My attempt: The first card dealt to the player must be either a $10,J,Q,K,$ or $A$, any suit. So the probability of the first card deal would be $\frac{5}{13}$. Then the second card dealt to the player must be the same suit, and one of the values mentioned above, meaning the probability is $\frac{4}{51}$. It follows that the next three cards on the flop must be the three remaining cards needed to complete the royal flush, with probabilities: $(\frac{3}{50})(\frac{2}{49})(\frac{1}{48})$. Therefore I believe the odds of flopping a royal flush is: $\frac{5!}{13\cdot 51\cdot 50\cdot 49\cdot 48}$

I would think that this probability would be independent of how many players are in the game. The odds of the deck the be stacked in the perfect way according to how many players there are to give you the royal flush on the flop seem to be the same.

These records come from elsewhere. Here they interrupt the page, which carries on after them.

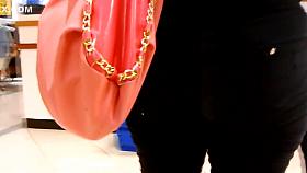 Upskirt porno video of a white woman wearing no underwear & showing pus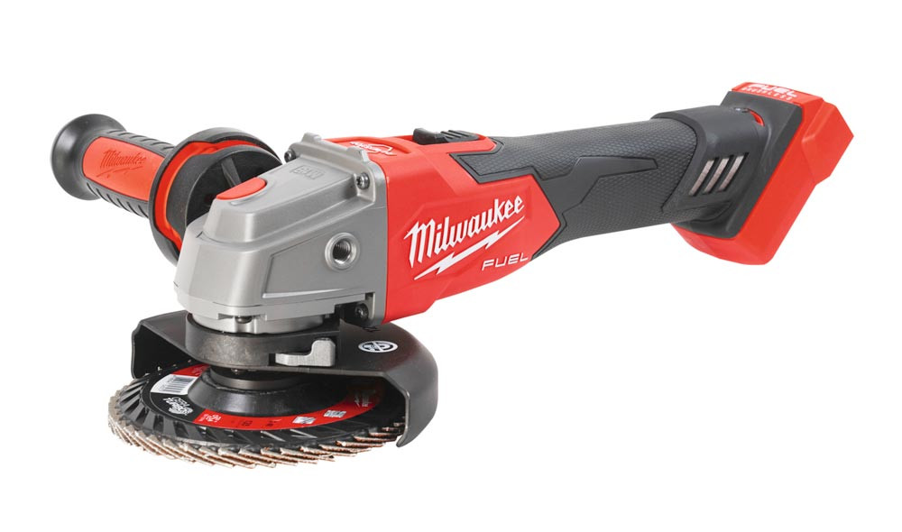 Winkelschleifer mit Drehzahlelektronik für jede Anwendung ∙ 5 Geschwindigkeitsstufen für beste Resultate mit Edelstahl und Aluminium sowie Rost- und Farbentfernung ∙ RAPIDSTOP™ für schnelles Bremsen der Scheibe in unter 2 Sekunden für hohen Anwenderschutz ∙ Anti-Vibrations-Seitenhandgriff für geringe Vibration ∙ FIXTEC™-Schnellwechselsystem zum werkzeuglosen Scheibenwechsel ∙ Schlankes Griffdesign ∙ Austauschbares Staubschutzgitter verhindert das Eindringen von Schmutz und verlängert so die Lebenszeit der Maschine ∙ 125 mm werkzeuglose Schutzhaubenverstellung ermöglicht große Schnittkapazitäten
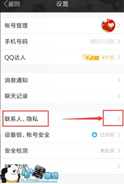 2、进入到设置界面以后,可以看到一个“联系人、隐私”的功能选项,点击该功能进入,如下图
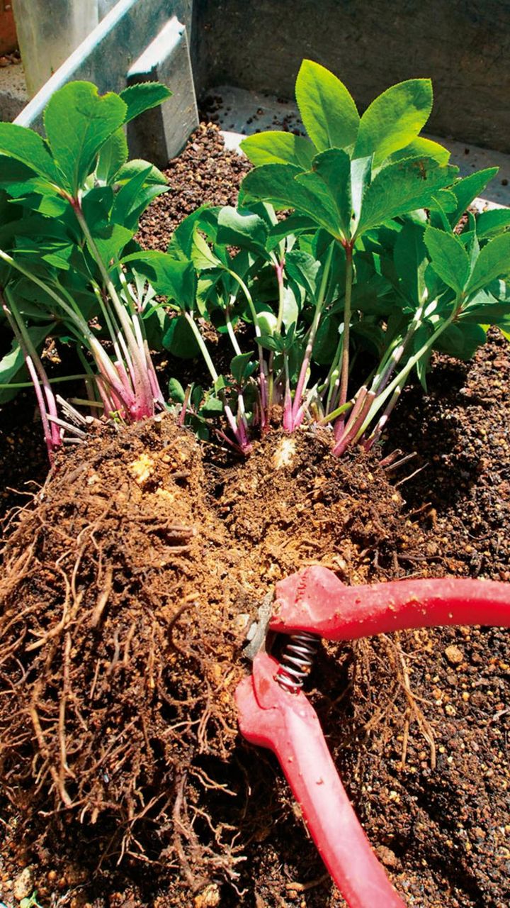 一般的には植えかえや株分けは秋にといわれていますが、私は3月中旬を過ぎたころから、遅くても4月末までに行います。新芽が伸びるこの時期は、株にいちばん勢いのあるタイミングなので、植えかえ時に根が少々傷んでもダメージは少ないからです。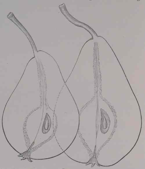Beskrivelse af Frugten. - Størrelse og Form: stor, varierer ofte lidt i Form, er normalt pæreformet men ofte også mere flaskeformet og ved den ene Side lidt indsvejfet hen mod Stilken. — Bæger: åbent, Bladene kanalformede, ligger stjerneformigt udbredte, forbundne med en bred Rand; ingen Hule men Spor af flade Ribber ses. — Stilk: lang, ca. 40 mm, krum, kraftig, olivenbrun, med få Barkporer, tykkere ved Grunden, trykkes lidt til Siden på den afstumpede Frugtspids. —Hud: lysegrøn, senere mere lysegul med grønne Partier og undertiden tyndt rødt i Flammer og Striber på Solsiden; Punkter fine, ret talrige, ses ikke meget, om Stilk og Bæger lys Rust og små Rustfigurer ned over Frugten. — Kærnehus: tenformet, Aksen lukket eller svagt åben, Rum tilliggende, Kærner ret brede men ofte golde. — Bægerrør: en lille Gryde med lang, fin Kanal. —Kød: hvidt med gul Tone, fint, flyder over af Saft, fuldt smeltende, af fin, sød og godt krydret Vinsmag, der minder lidt om Smagen hos Nelis d'hiver. — Modningstid: var 1919 tjenlig sidst i Oktbr. og holdt sig god hele Novbr. 1921 blev den Oktoberpære, 1920 November og lidt ind i December. Ejeren meddeler, at den ofte har holdt sig Jul over. — Værd : udmærket fin Bordpære.

Have I made any mistakes? Thanks in advance.

Answer 1

You are correct.

$\dfrac {5!} {(13 \cdot 51 \cdot 50 \cdot 49 \cdot 48)} = \dfrac {1}{13} \cdot \dfrac {5 \cdot 4 \cdot 3 \cdot 2 \cdot 1}{51 \cdot 50 \cdot 49 \cdot 48} = \dfrac {52}{13} \dfrac {5 \cdot 4 \cdot 3 \cdot 2 \cdot 1}{51 \cdot 50 \cdot 49 \cdot 48} = \dfrac {4}{C(52,5)} = \dfrac {C(4, 1)} {C(52, 5)} = 0.000001539.$

Most of the time, you'll see the probability in terms of the binomial coefficients, $C(n, k)$.